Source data
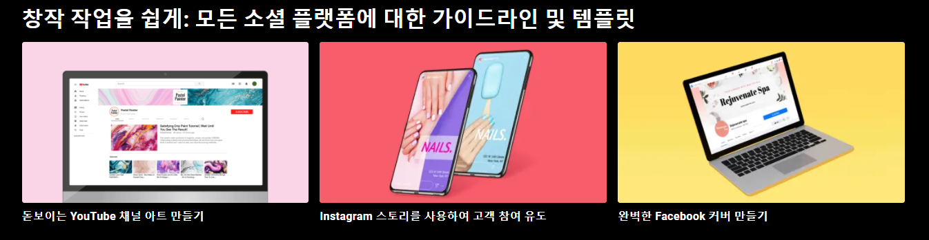 대상 고객이 있는 모든 소셜 미디어 플랫폼에 맞게 크기가 미리 지정된 템플릿을 찾아볼수가 있어요.
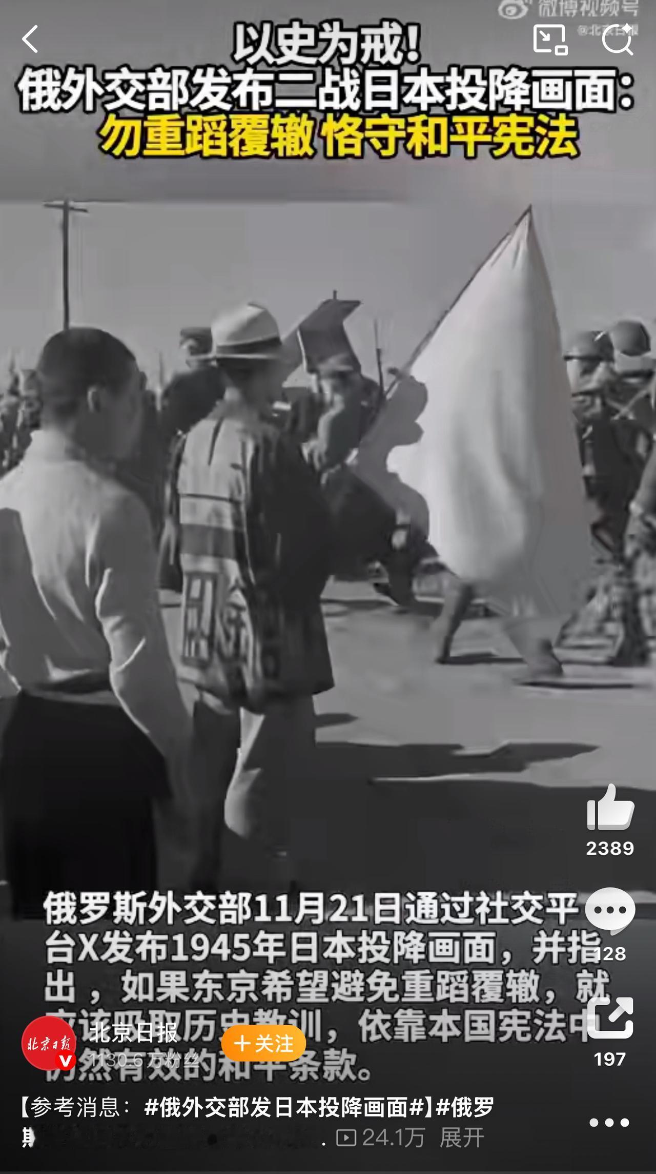 哈哈哈哈哈,俄罗斯外交部公布了日本二战投降的视频,还警告日本:勿重蹈覆辙,恪守和平宪法!这可真是一点面子都没给日本留啊! 难不成高市早苗这番发疯行径,本质就是想把日本经济拖入深渊,还让全世界不断回顾他们曾经犯下的罪行以及投降时的狼狈模样吗?[灵光一闪][灵光一闪][灵光一闪][捂脸][捂脸][捂脸][捂脸]
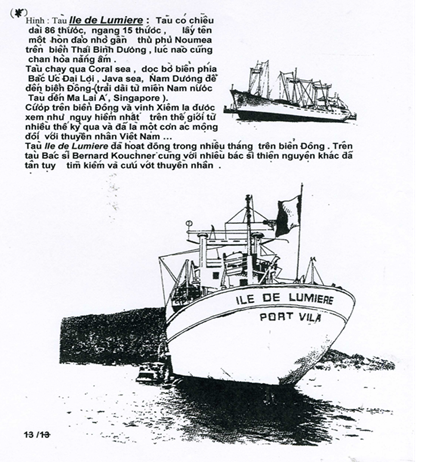 Tôi nhận ra chiếc tàu bệnh viện dài sơn trắng này, tôi đă nh́n thấy sáng sớm 18 tháng tư năm 1979, khi tàu chúng tôi KG 0783 vừa thoát khỏi cướp Thái Lan ngoài biển Đông, chạy tấp vô những quần đảo ngoài khơi Mă Lai để tránh núp. Đó là tàu Lle de Lumière của Pháp do nhóm Bác sĩ không biên giới Bernard Kouchner tổ chức, đang đi t́m vớt thuyền nhân trên biển Đông. Về phía Việt nam, cũng có nhiều đồng nghiệp như Bác sĩ Nguyễn Ngọc Kỳ, Bác sĩ Nguyễn Thượng Vũ, Bác sĩ Đường Thiện Đồng, Bác sĩ Trang Châu cùng vài bác sĩ khác tha thiết với thuyền nhân, đă đóng cửa pḥng mạch để lênh đênh trên biển Đông, t́m kiếm và cứu vớt thuyền nhân trốn chạy Cộng Sản.
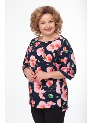 Блузон-туника для каждого дня! Удобная в носке за счёт прямого силуэта и оригинальная, благодаря конструктивным деталям по спущенной линии плеча и боковой вставке! Главной особенностью туники является спинка: под функциональной молнией в рамке из отделочной ткани скрывается шифоновая вставка-веер. Элегантный вырез горловины-лодочка. Ассиметричный низ с разрезами. Блузон представлен в ткани темно-синего цвета с цветочным принтом.
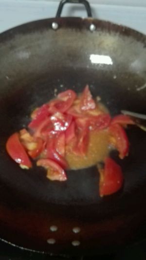 放少量油,大火爆炒西红柿(必须是大火,这样才能把西红柿里的汁榨出来)
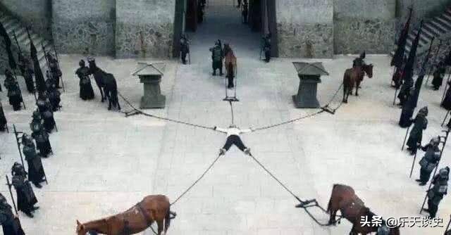 于是,有趣的事发生了,当行刑的马匹或牛累得气吁吁甚至口吐白沫倒下时,犯人可怜的四肢依旧连在躯干上。要把人的头跟四肢砍下来都得花不少力气,更何况是用拉扯的。而受刑人身受的苦处更可想而知。真到撕开的时候,恐怕受刑人已经不会觉得痛苦了。痛苦的是正在拉扯的时候。由此可见车裂之刑的残忍。历史,除了让秦始皇蒙羞的嫪毐受过车裂之外,为秦国的强大立过汗马功劳的改革家商鞅最终也落得个五马分尸的下场。
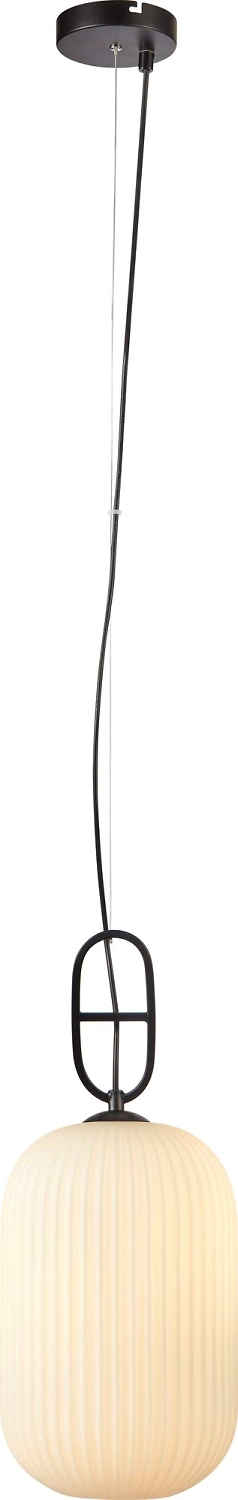 Светильник состоит из металлического основания и стеклянного абажура белого цвета с рельефным узором. К подвесу подходят лампы с цоколем Е27, максимальной мощностью 40 Вт.
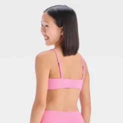 The Tropical Island Swimsuit Top from art class™ is the perfect addition to your kid’s sunny wardrobe. The swimsuit top features a variegated ribbed pattern and a front cinched detailing for an elevated look. Removable cups and adjustable straps help customize their coverage while the 4-way stretch fabric with full lining offers flexible comfort. Designed with a pullover style, this bralette swimsuit top helps them stay shielded from UV rays with the UPF 50+ rated design.
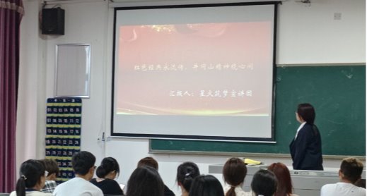 活动开始,“星火筑梦”宣讲团成员之一韩悦悦同学为大家简要介绍了井冈山精神,井冈山精神是马克思主义中国化的理论结晶,其核心概括为24个字:“坚定信念、艰苦奋斗,实事求是、敢闯新路,依靠群众、勇于胜利。”全体成员认真聆听、缅怀历史,重温了井冈山根据地艰苦卓绝的创建过程,领会到井冈山斗争的厚重历史,也更加深刻地认识到今天幸福生活来之不易,感受到老一辈的不屈不挠、 艰苦奋斗的精神和高尚情操。随后“星火筑梦”宣讲团为大家播放了《井冈山》这部电影,最后一起合照留念。
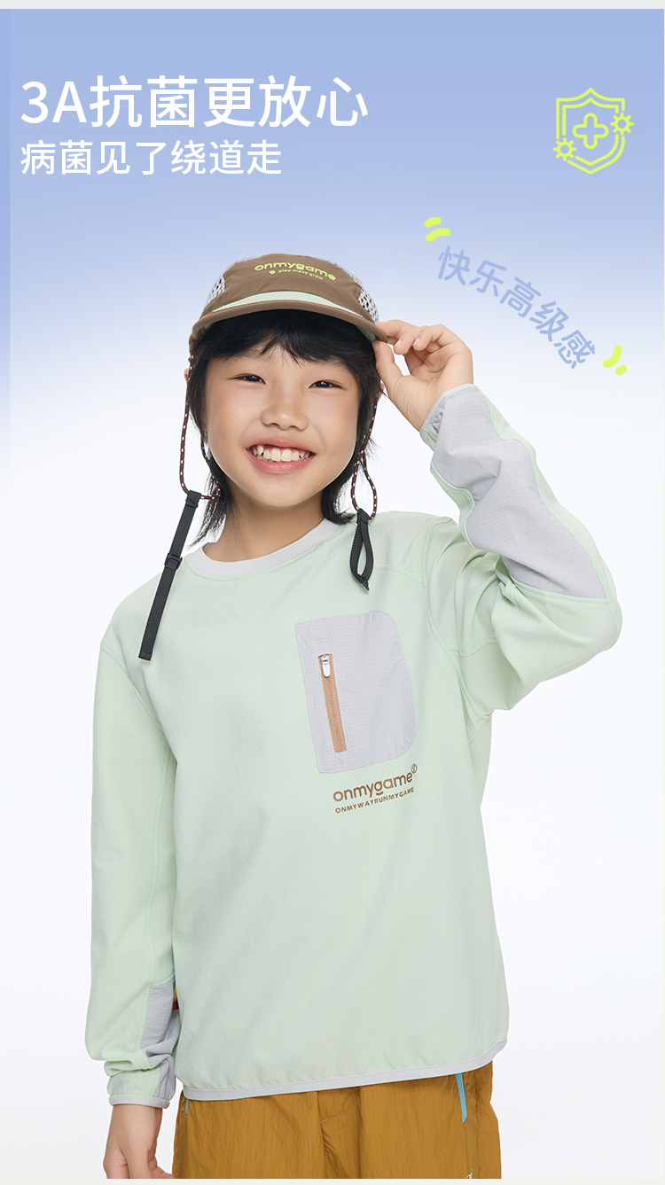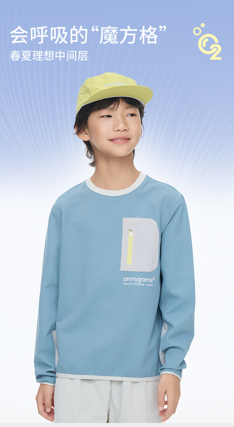 onmygame【呼吸魔方格】儿童长袖吸湿速干运动T恤速干抗菌GQ11119130

> **Task description**:
Exactly reproduce the lines above, starting at the one that contains "Светильник состоит из" and ending at the one that contains "The Tropical Island", both inclusive; leave the pictures out and add no other lines.

> **Answer space**:
 Светильник состоит из металлического основания и стеклянного абажура белого цвета с рельефным узором. К подвесу подходят лампы с цоколем Е27, максимальной мощностью 40 Вт.
 The Tropical Island Swimsuit Top from art class™ is the perfect addition to your kid’s sunny wardrobe. The swimsuit top features a variegated ribbed pattern and a front cinched detailing for an elevated look. Removable cups and adjustable straps help customize their coverage while the 4-way stretch fabric with full lining offers flexible comfort. Designed with a pullover style, this bralette swimsuit top helps them stay shielded from UV rays with the UPF 50+ rated design.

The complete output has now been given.